Lawson Park is a remote English Lake District hillfarm, leased by Grizedale Arts (a contemporary art commissioner) from the Forestry Commission. It is situated opposite the village of Coniston overlooking Coniston Water. A major refurbishment by architects Sutherland Hussey in 2007/8/9 has seen the farm transformed into a residency and office base for Grizedale Arts. It now offers live/work residencies to contemporary artists and hosts events and conferences periodically.[1]
Grizedale Arts director Adam Sutherland has furnished the building with a notable collection of works by British designers and manufacturers from 1820 to the present day.

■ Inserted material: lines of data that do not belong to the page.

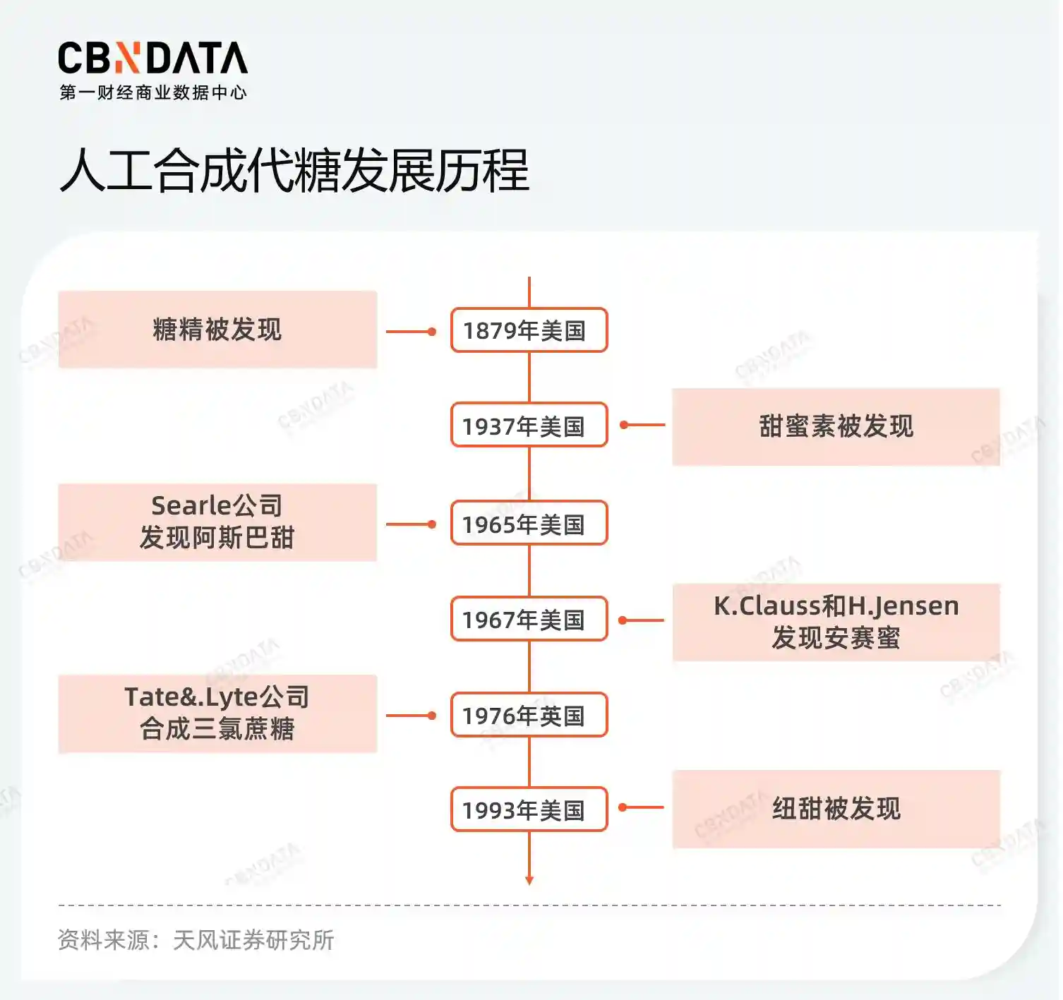 事实上,代糖已有140多年的历史,其在历史舞台的正式登场,始于糖精在一次化学实验中被偶然发现。而代糖的真正流行,则源于两次世界大战期间食糖的短缺及价格的快速上行,糖精作为替代品得到广泛传播和市场化发展。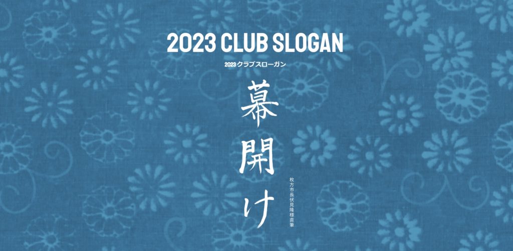 2023年シーズンのクラブのスローガンは、「幕開け」。クラブ創立20周年を迎えた2023年シーズン、二川新監督のもと、新たな歴史を築き上げていく、という思いが込められている。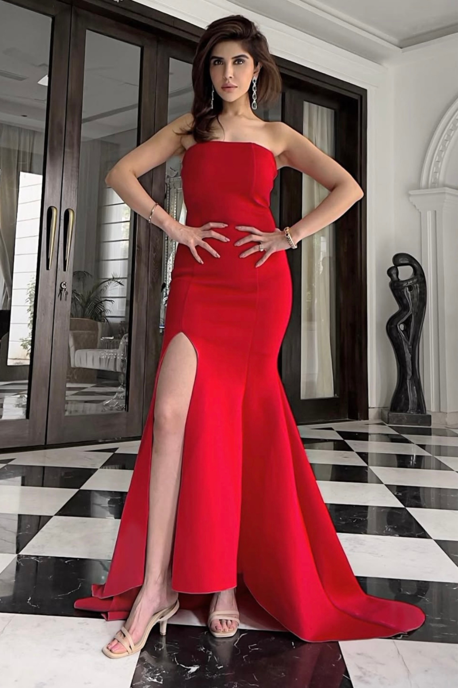 Featuring Rohini in a strapless gown with a straight neckline and a structured trailing flare.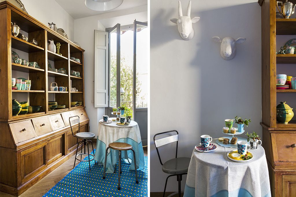 In cucina, di fronte alla zona operativa c'è la madia d’epoca in legno massiccio [Antichità Fabio Innocenti]. Al centro, sul tappeto in plastica intrecciata, acquistato da Rossella in Niger, tavolino, sedia e sgabello vintage comprati da [UB Firenze]. Tovaglia [Lisa Corti], lampada Huna [FontanaArte €242].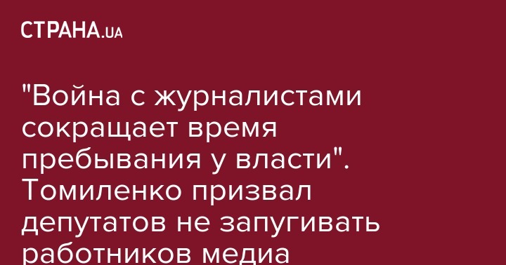 Новая коалиция (или партия монобольшинства) должна учиться у предыдущих властных элит: Война с журналистами сокращает время пребывания у власти!", - написал Томиленко.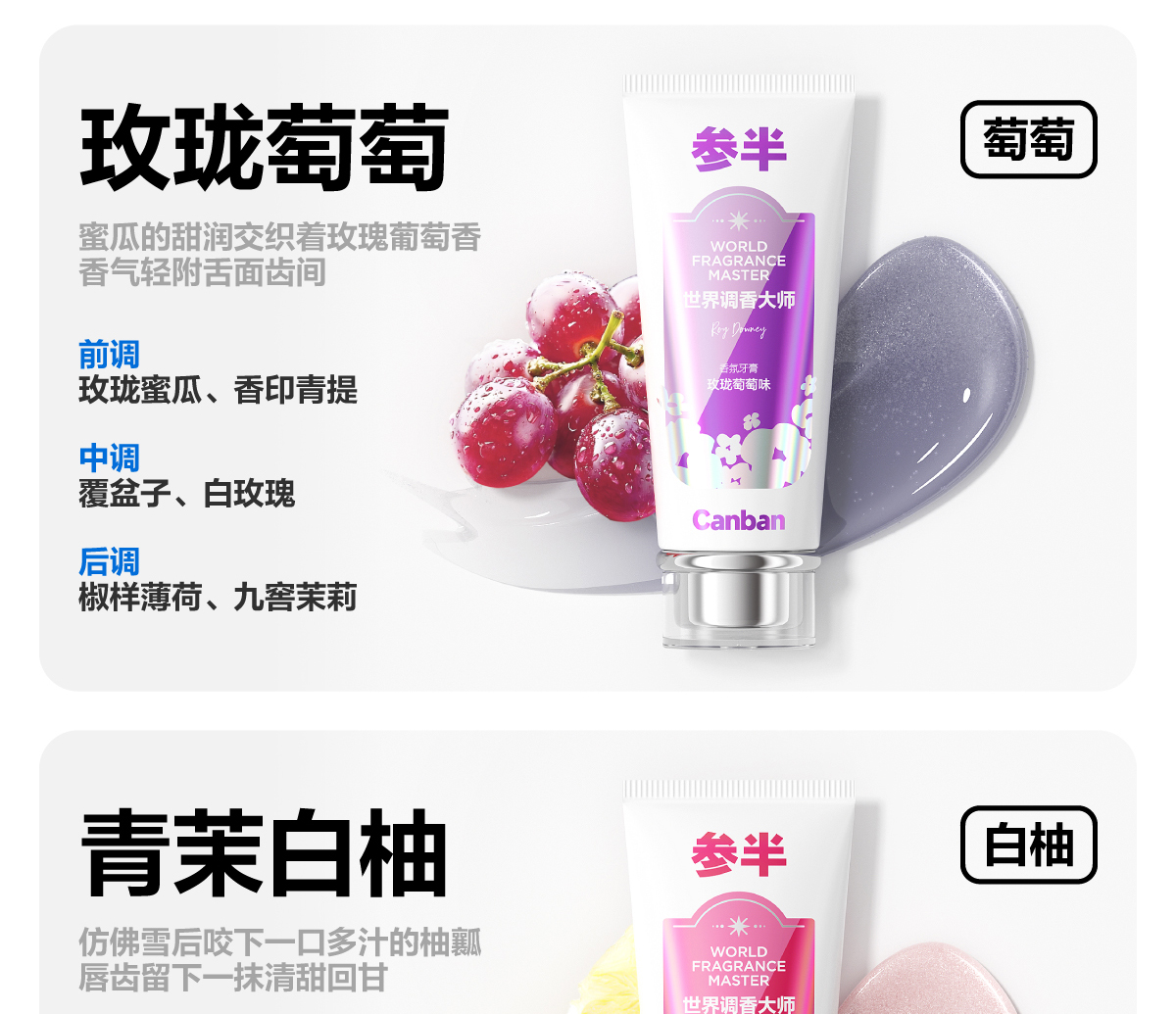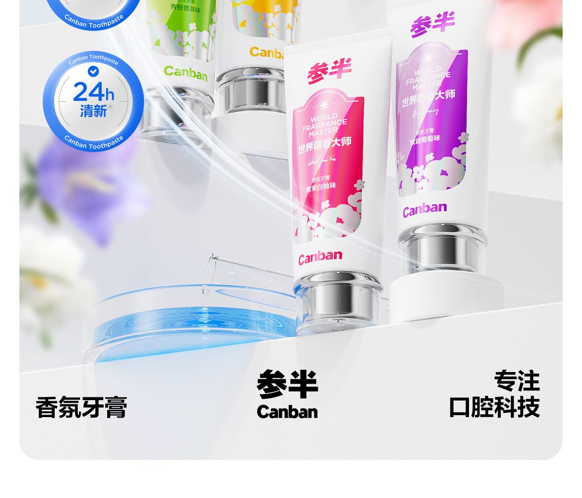 - 参半旗下产品已覆盖牙膏、漱口水、口腔爆珠、口腔喷雾等多个类目,为用户提供了精细化的口腔护理解决方案。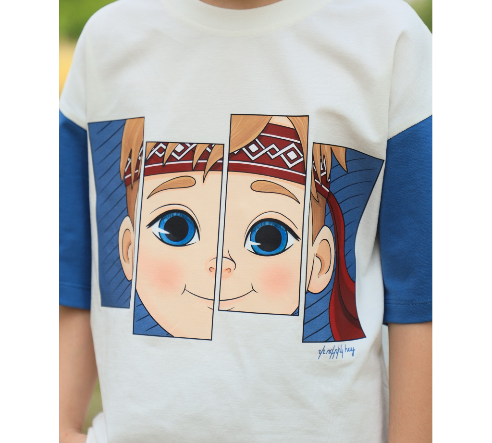 A milk-colored kids’ t-shirt with sky blue sleeves, inspired by subtle elements of Armenian traditional style. Made from soft, breathable fabric for ages 2–6.

Circa 15acres of land around Lawson Park is being returned to productive use as a smallholding, and the gardens, designed by artist & film-maker Karen Guthrie, are open to the public in summer under the National Garden Scheme.
The farm was first recorded under the ownership of the Cistercian Furness Abbey (Barrow-in-Furness) in the 13th century, when it was used as a base for charcoal-burning. After deforestation of the surrounding land in the late medieval period, the farm was used by a succession of tenant sheep-farmers. In the late 19th century Victorian polymath John Ruskin - who lived in nearby Brantwood - purchased the farmhouse and land. After Ruskin's death the farm was tenanted by various families until the Taylforth family ended farming in the 1950s. The buildings were used as a student hostel until the late 1980s.